START Records for this exercise
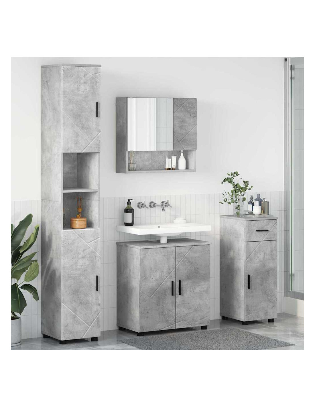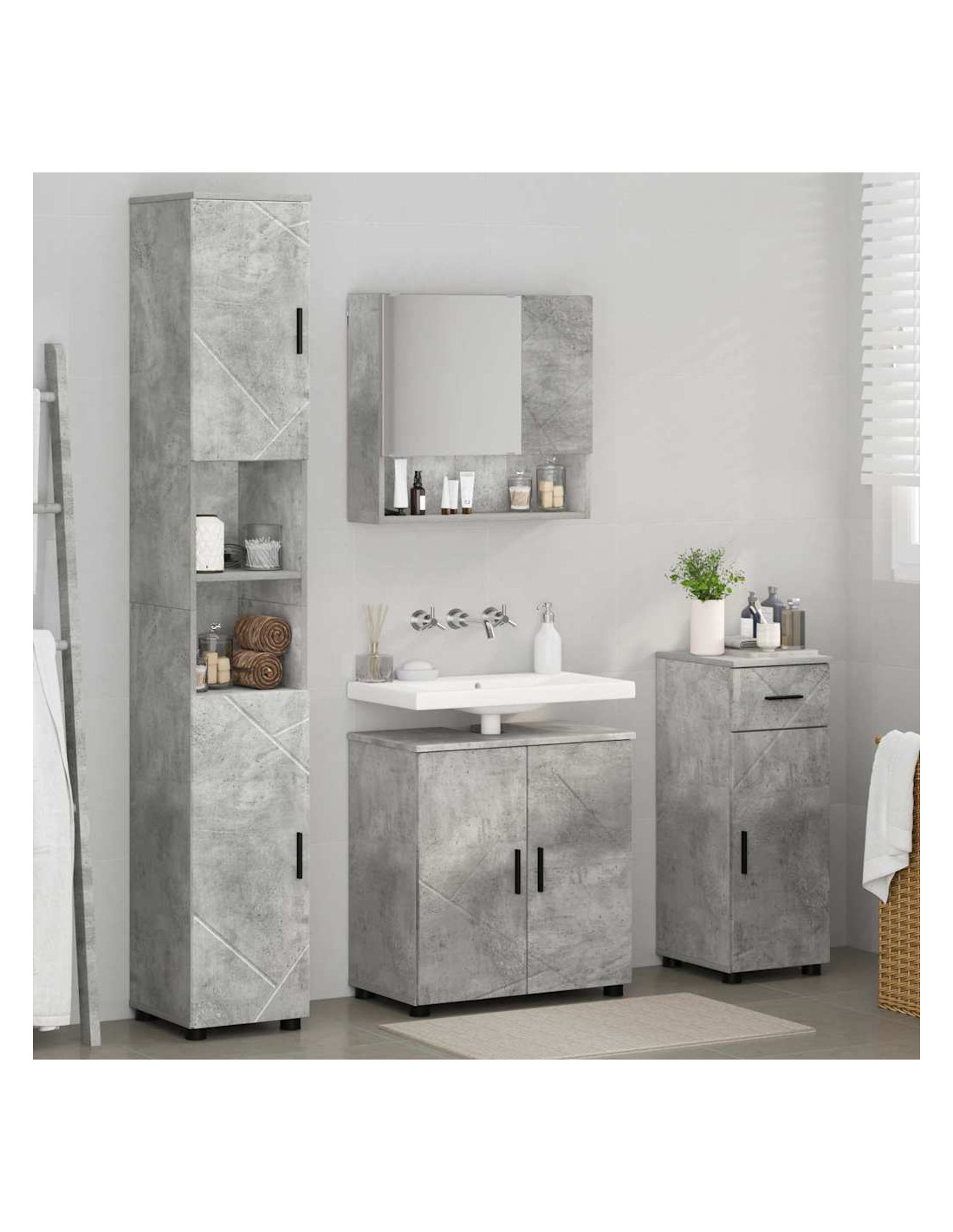 - Costruzione in legno ingegnerizzato: Questo set di mobili è fatto principalmente in legno ingegnerizzato, una scelta robusta ed eco-friendly per i bagni. La sua struttura resiste bene all'umidità, perfetto per le tue esigenze in bagno.
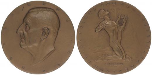 A.Hartig - Anton Bruckner - medaile k 100.výr.narození 1824 - 1924 Portrét zleva, opis / klečící mužská postava, opis, Sign., Bronz 60 mm
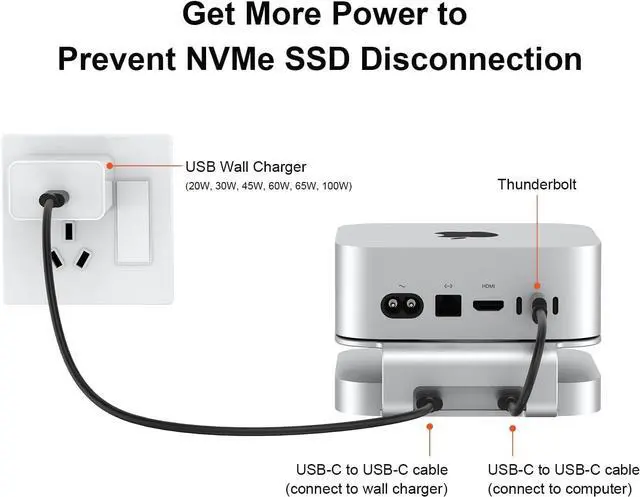 Additional USB-C for Power Supply: It has a USB-C port on the rear panel for connecting a USB wall charger for more power and to prevent the NVMe SSD from disconnecting while in use.
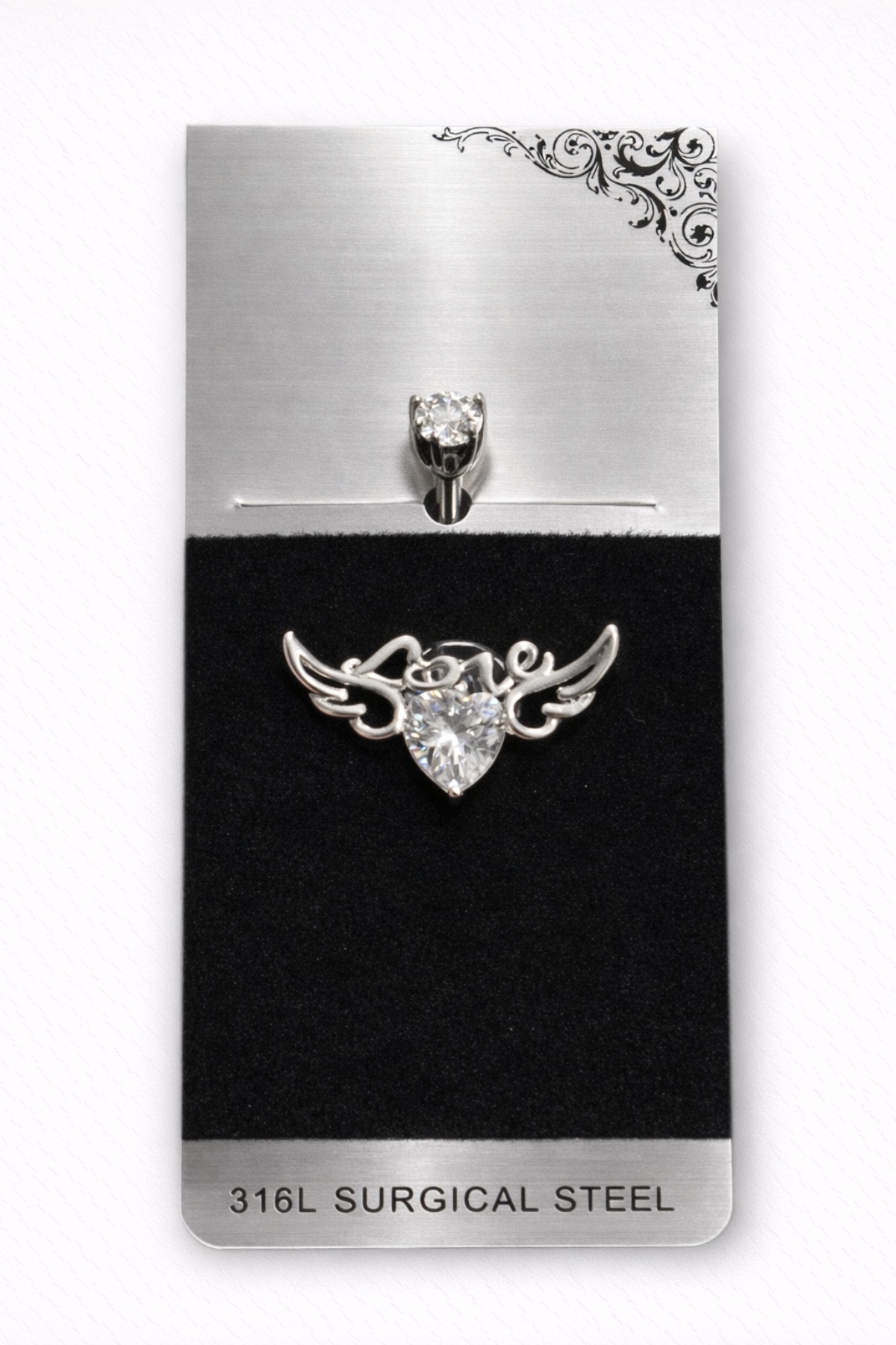 Piercing αφαλού σε ασημί απόχρωση με καρδιά-κρύσταλλο και φτερά “love” από 316L surgical steel.
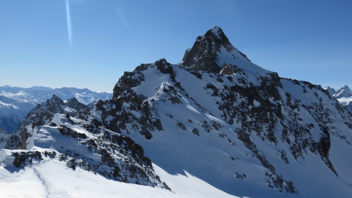 Kurz nach sieben starteten wir auf der Sustenpassstrasse und liefen durch den frischen Schnee auf einer eben angelegten Spur durch den Färnigwald nach Rieter hinauf. Die Spur bog bald darauf ab zur Sewenhütte und wir zogen nun eine Spur durch den herrlich fluffigen Schnee. Für die steilen Passagen wurden bald die Harscheisen montiert, der frische Schnee rutsche etwas ungünstig auf der harten Unterlage weg. Durch den 10-15cm tiefen Schnee zirkelten wir anschliessend eine Spur die breite Gletschermulde hinauf und erreichten bald den Fuss den Gipfelaufbaus. Rechts des Felssporns stiegen wir zu Fuss durch guten Trittschnee hinauf auf den Grat und hatten nach wenigen Minuten den Gipfel des Bächenstocks 3010m erreicht. Die Querung unter dem Gipfel hindurch und über den Grat zu P.2911 war auf teils guten Trittschnee gut zu machen. Als Variante entschieden wir uns, den Felskopf links zu Fuss zu umgehen – zunächst war’s recht angenehm, aber die abschliessende, sehr steile und abfallende Querung in die Scharte war dann doch nicht so toll – das nächste Mal lieber wieder rechts über den Gletscher, auch wenn man dort mehr schwitzen muss…
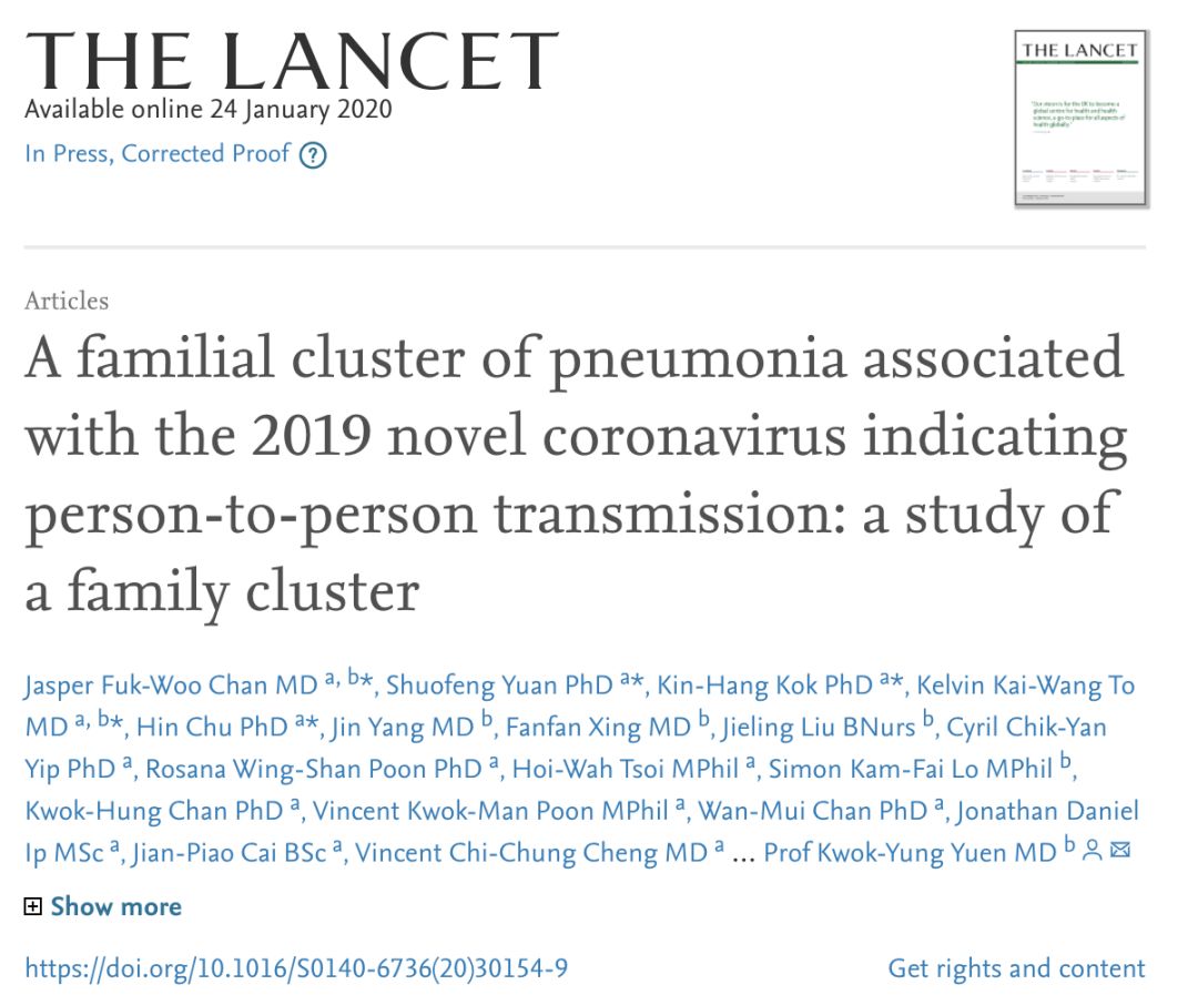 最早确认新冠肺炎具有“人传人特征”以及“无症状病例”的论文,是一篇1月24日发表在知名医学期刊《柳叶刀》的论文,名为《A familial cluster of pneumonia associated with the 2019 novel coronavirus indicating person-to-person transmission: a study of a family cluster》(《与2019年新型冠状病毒相关的家族性肺炎,表明人与人之间的传播:家庭聚类研究》)。
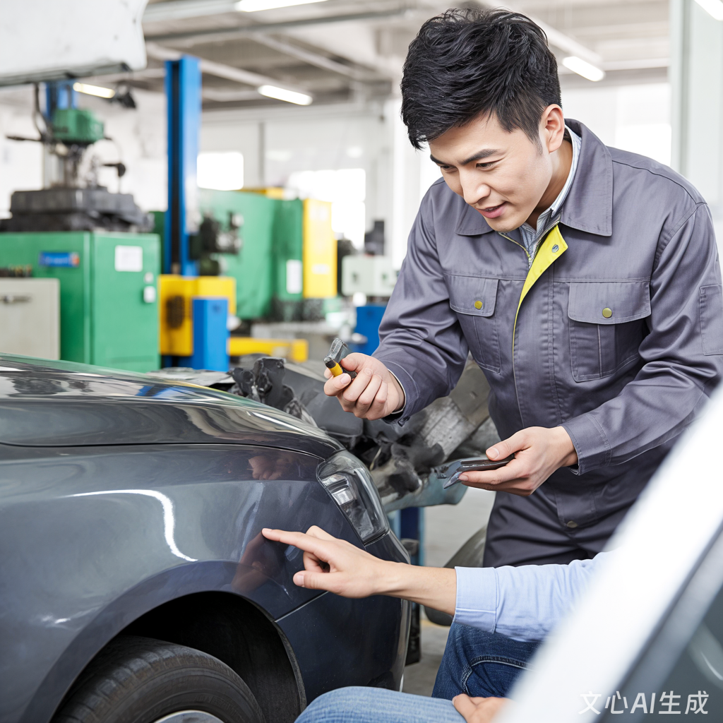 保养流程始于接车环节。技师会热情迎接车主,仔细询问用车感受,如车辆有无异常声响、动力变化等,并核对车架号、行驶里程等车辆信息。同时,对车辆外观进行细致检查,查看是否有划痕、凹陷,灯光装置是否损坏,轮胎外表及漏油、漏水情况。如上图所示,技师与车主在维修车间进行接车问诊和外观检查,确保后续保养有的放矢。
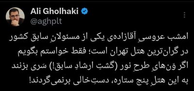 🔹علی قلهکی در توییتی نوشت: امشب عروسیِ آقازادهی یکی از مسئولانِ سابق کشور در گرانترین هتل تهران است؛ فقط خواستم بگویم اگر وَنهایِ طرحِ نور (گشتِ ارشادِ سابق!) سَری بزنند به این هتلِ پنج ستاره، دستِخالی برنمیگردند.
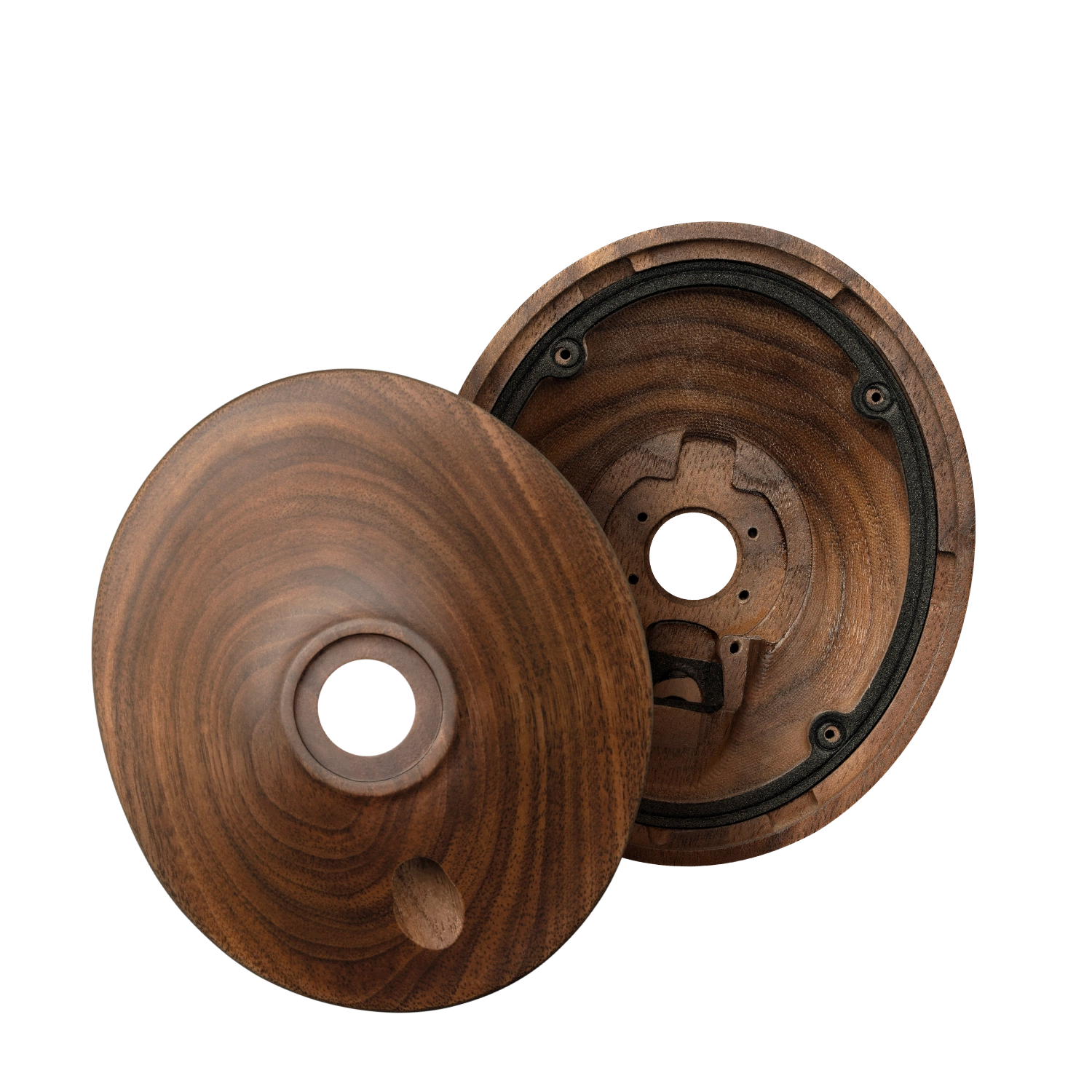 Treasured for its rich, dark color and beautiful grain, walnut wood is strong and durable, yet lightweight and malleable. The cups are CNC-machined, then hand-finished, stained, and polished.
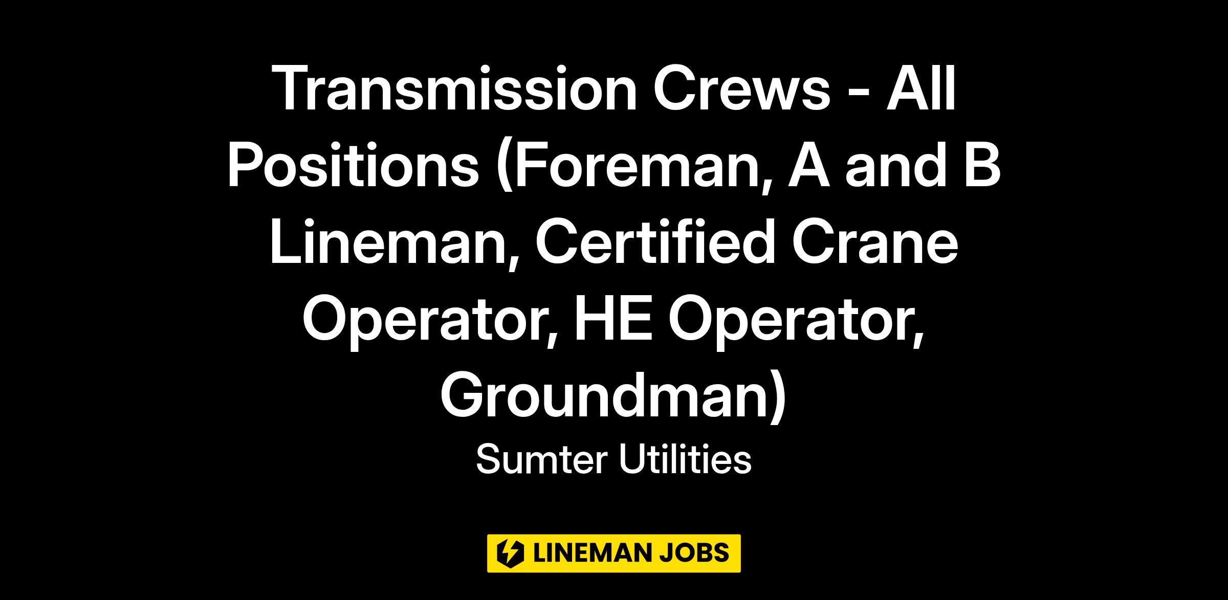 Sumter Utilities, Inc. (a Quanta Services company) seeks a Transmission Crew (Foreman, A, B, C Lineman, Certified Crane Operators, HE Operators).
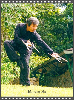 The Deer Horn Knives are a unique weapon originating from the Baguazhang or perhaps more correctly the Baguaquan School of Chinese Martial arts. Dong Hai Chuan, the founder, himself practiced this weapon. There are numerous stories of him killing large groups of armed men who had attacked him. Most of these are apocryphal and probably stem from the story on his original grave marker. It says there that once while travelling outside the city, Master Dong was attacked by many men with weapons. He defeated them all "moving like a hurricane.” As he did travel through rough country, it is likely that he would have defended himself from bandits using his Deer Horn Knives. Ordinary citizens would not have been able to get away with that, but as an instructor to the Imperial Guards, Master Dong was immune. The guards themselves were rumored to have carried small Deer Horn Knives concealed in their sleeves. Weapons weren’t allowed in the palace, but the guards may have used Bagua's hidden weapons to their advantage. The Deer Horn Knives are designed for use against multiple attackers, or any other type of weapon. There are numerous techniques for use against the spear, the staff, the saber and especially the sword. It has been said that the Deer Horn Knives are especially good at defeating the sword with their hooking and trapping techniques. Master Su Yu-Chang says they are the #1 weapon because they can break the energy of any other weapon, long or short. He also said they were for killing and that unlike other Bagua weapons, which may be better at locking and controlling, once the Deerhorn Knives come out, heads will roll. Deer Horn Knives come in various sizes. Large ones can be used to scale walls while small ones are used like throwing stars. There are also various configurations like recurved points and knives with either three or four points. Initially the knives had only three points one of which was slightly curved like a duck's head. It is said the duck's eye, a small indentation on one blade, could be laced with poison for extra killing power.
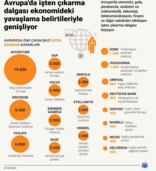 Avrupa'da otomotiv, gıda, perakende, endüstri ve mühendislik, teknoloji, telekomünikasyon, finans ve diğer sektörlerdeki işten çıkarma kararlarına her gün yenileri ekleniyor.
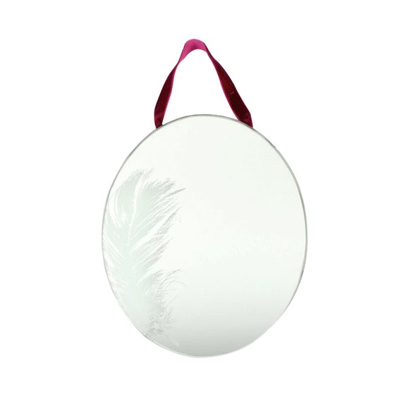 Add a stylish touch to your home with our feather patterned mirror, available with a red ribbon for easy hanging in your home. • Feather patterned mirror• Red hanging ribbon• Made from glass Featuring a beautiful feather pattern on a rounded design & a stylish appearance, our glass mirror is a welcoming addition to any home, instantly finding its place in your bathroom or bedroom. Available with a thick red ribbon for easy hanging & a hard-wearing glass construction, our round decorative mirror offers long lasting durability & practicality for your home. Easy to care for, our hanging mirror can be easily wiped clean to offer a fresh setting all year round. Brand Dunelm Care instructions Wipe clean with a soft cloth Colours available One colour available in Silver Material Glass Pack size One mirror Sizes available One size available in 19cm x 25cm (7" x 10") ...
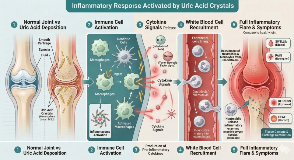 관절 속 요산 결정이 면역세포를 자극하면,
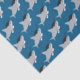 Papel de papel tisular de graduación divertida con un patrón adorable, tiburones con gorras de graduación con diplomas de fondo azul. Simplemente agrega varias hojas a tu carrito, llévalas a casa, y luego úsalas para tus regalos. Diseño de papel de posgrado de tiburón divertido | ©Melissa Patton - Artista/Ilustrador
END Records for this exercise
* Work instructions
Would you set down only the lines above from the line with "a family cluster》(《与2019年新型冠状病毒相关的家族性肺炎,表明人与人之间的传播:家庭聚类研究》)。" to the line with "Sumter Utilities, Inc.", both included, exactly as they stand and without the pictures?

* Task solution
 最早确认新冠肺炎具有“人传人特征”以及“无症状病例”的论文,是一篇1月24日发表在知名医学期刊《柳叶刀》的论文,名为《A familial cluster of pneumonia associated with the 2019 novel coronavirus indicating person-to-person transmission: a study of a family cluster》(《与2019年新型冠状病毒相关的家族性肺炎,表明人与人之间的传播:家庭聚类研究》)。
 保养流程始于接车环节。技师会热情迎接车主,仔细询问用车感受,如车辆有无异常声响、动力变化等,并核对车架号、行驶里程等车辆信息。同时,对车辆外观进行细致检查,查看是否有划痕、凹陷,灯光装置是否损坏,轮胎外表及漏油、漏水情况。如上图所示,技师与车主在维修车间进行接车问诊和外观检查,确保后续保养有的放矢。
 🔹علی قلهکی در توییتی نوشت: امشب عروسیِ آقازادهی یکی از مسئولانِ سابق کشور در گرانترین هتل تهران است؛ فقط خواستم بگویم اگر وَنهایِ طرحِ نور (گشتِ ارشادِ سابق!) سَری بزنند به این هتلِ پنج ستاره، دستِخالی برنمیگردند.
 Treasured for its rich, dark color and beautiful grain, walnut wood is strong and durable, yet lightweight and malleable. The cups are CNC-machined, then hand-finished, stained, and polished.
 Sumter Utilities, Inc. (a Quanta Services company) seeks a Transmission Crew (Foreman, A, B, C Lineman, Certified Crane Operators, HE Operators).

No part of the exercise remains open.